*** The data ***
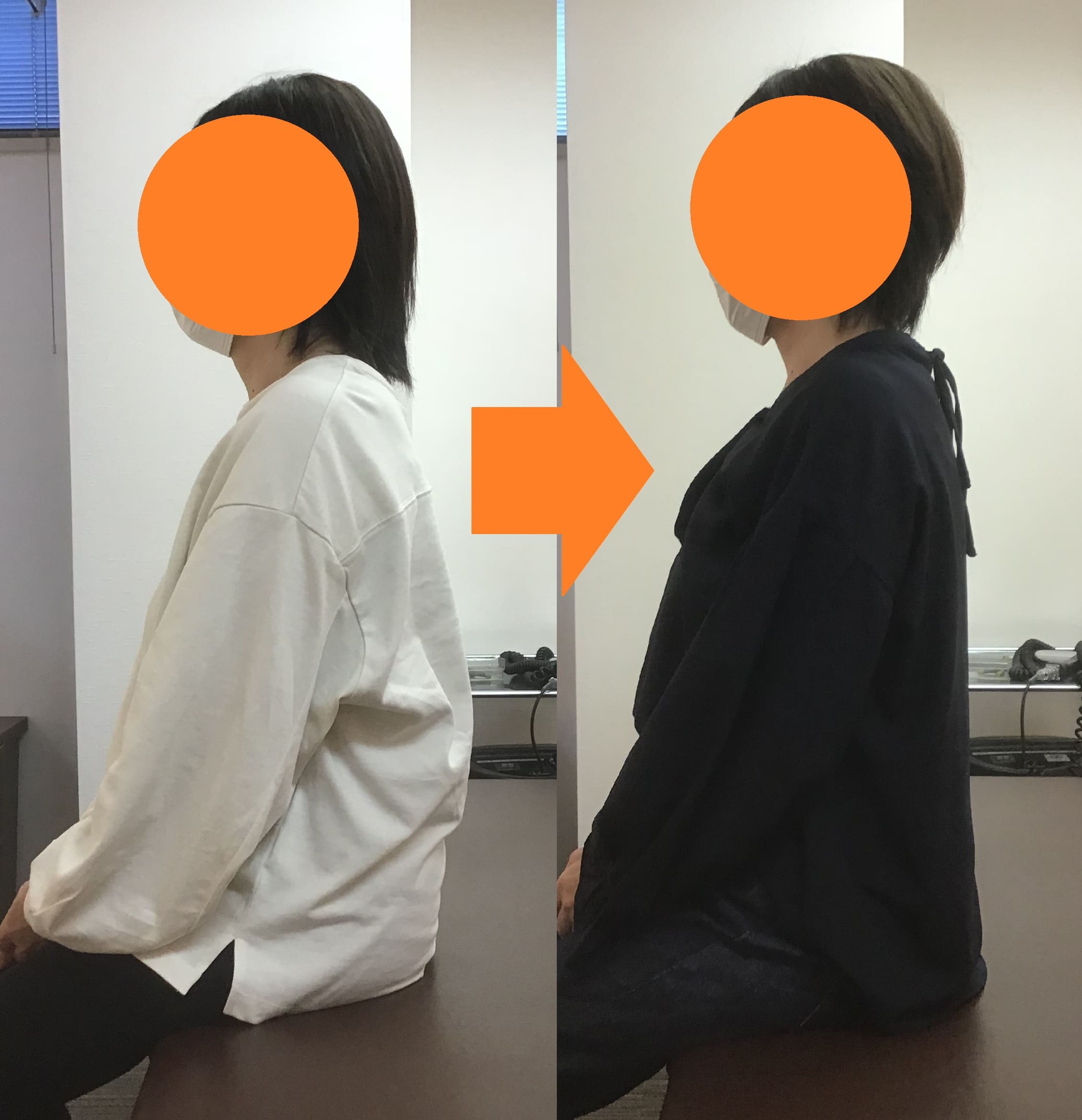 姿勢分析を行ったところ、背筋はそれなりに伸びているものの、肩が内側に巻き込む状態である「巻き肩」が見られました。この巻き肩の状態により、首や肩に余分な負荷がかかりやすくなり、肩こりを引き起こしていました。当院では、猫背矯正と合わせて巻き肩の改善を目指しました。
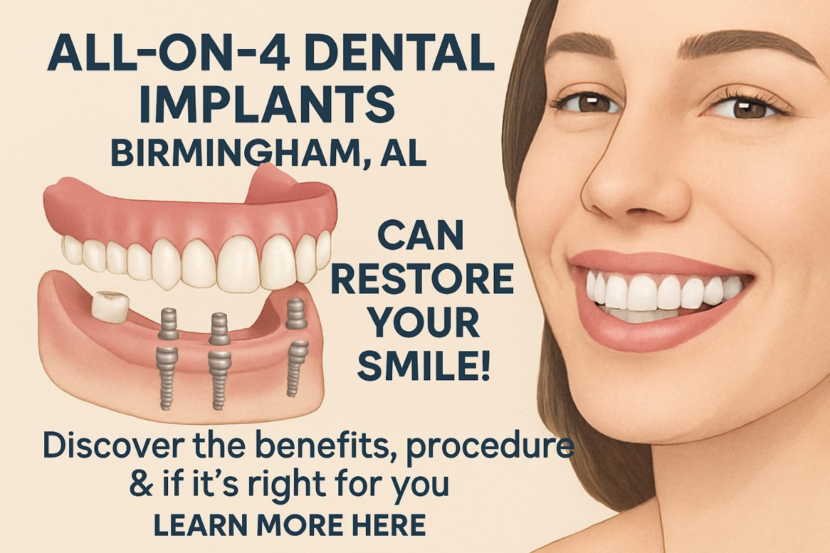 Considering full-arch replacement? This post explains all on 4 dental implants by Birmingham, AL, who they're for, the pros and cons, typical costs, and how to choose a provider. Read on if you have multiple failing or missing teeth and want clear, practical steps for whether all-on-4 is right for you.
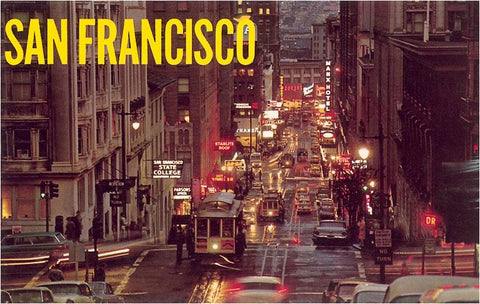 SF-392 Powell Street at Night, San Francisco, California - Vintage Image
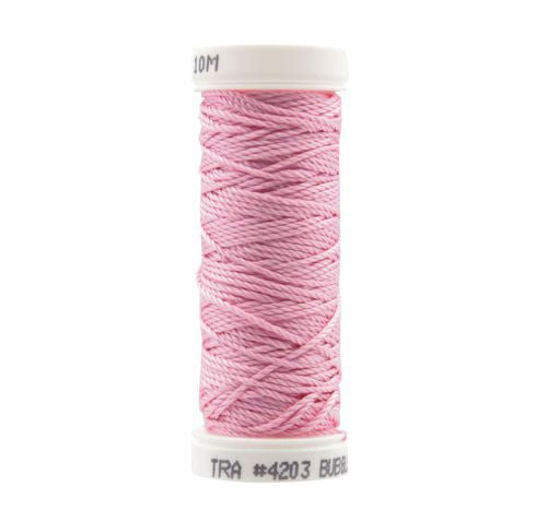 This is Twisted Silk from Trebizond in color 4203 Bubble Gum. A perled silk in a wide range of rich colors. Use as-is on 18 mesh.
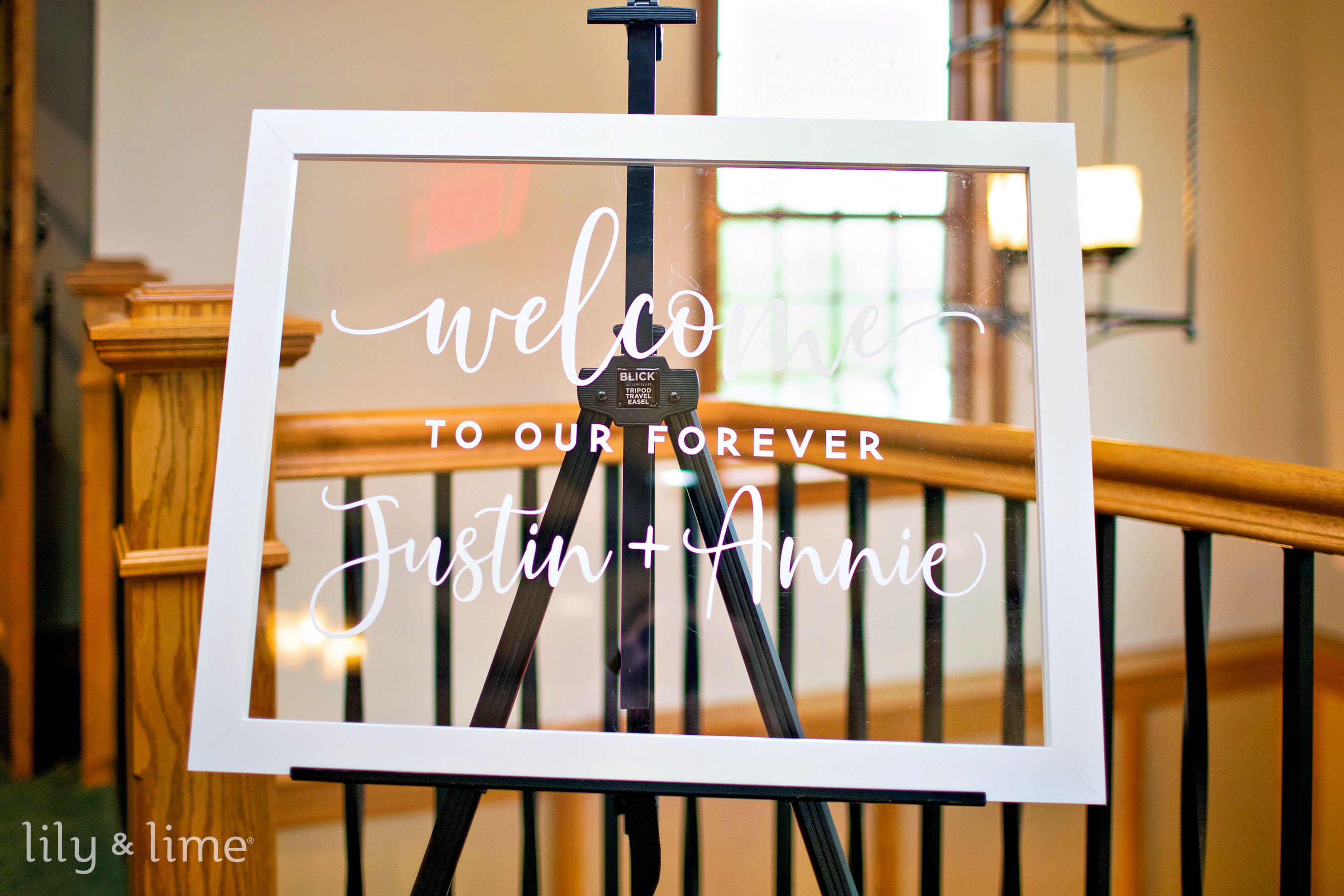 Use a frosted acrylic sign to direct guests to your guestbook table. Inscribe it with a phrase like, "Leave Your Love Here," pairing clean lines and metallic lettering for a modern look. Surround it with candles and flowers to create a focal point that enhances elegant wedding details.
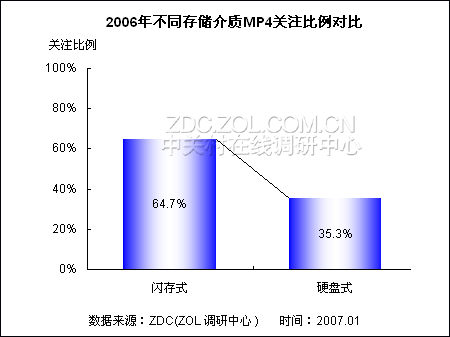 调查结果显示,在2006年度闪存式MP4占据近三分之二的关注比例。而硬盘式MP4的市场关注度保持在35.3%,与闪存式MP4关注比例悬殊近30个百分点。
***
# Problem statement:
The records above, minus their pictures, are to be returned word for word.

# Solved problem:
 姿勢分析を行ったところ、背筋はそれなりに伸びているものの、肩が内側に巻き込む状態である「巻き肩」が見られました。この巻き肩の状態により、首や肩に余分な負荷がかかりやすくなり、肩こりを引き起こしていました。当院では、猫背矯正と合わせて巻き肩の改善を目指しました。
 Considering full-arch replacement? This post explains all on 4 dental implants by Birmingham, AL, who they're for, the pros and cons, typical costs, and how to choose a provider. Read on if you have multiple failing or missing teeth and want clear, practical steps for whether all-on-4 is right for you.
 SF-392 Powell Street at Night, San Francisco, California - Vintage Image
 This is Twisted Silk from Trebizond in color 4203 Bubble Gum. A perled silk in a wide range of rich colors. Use as-is on 18 mesh.
 Use a frosted acrylic sign to direct guests to your guestbook table. Inscribe it with a phrase like, "Leave Your Love Here," pairing clean lines and metallic lettering for a modern look. Surround it with candles and flowers to create a focal point that enhances elegant wedding details.
 调查结果显示,在2006年度闪存式MP4占据近三分之二的关注比例。而硬盘式MP4的市场关注度保持在35.3%,与闪存式MP4关注比例悬殊近30个百分点。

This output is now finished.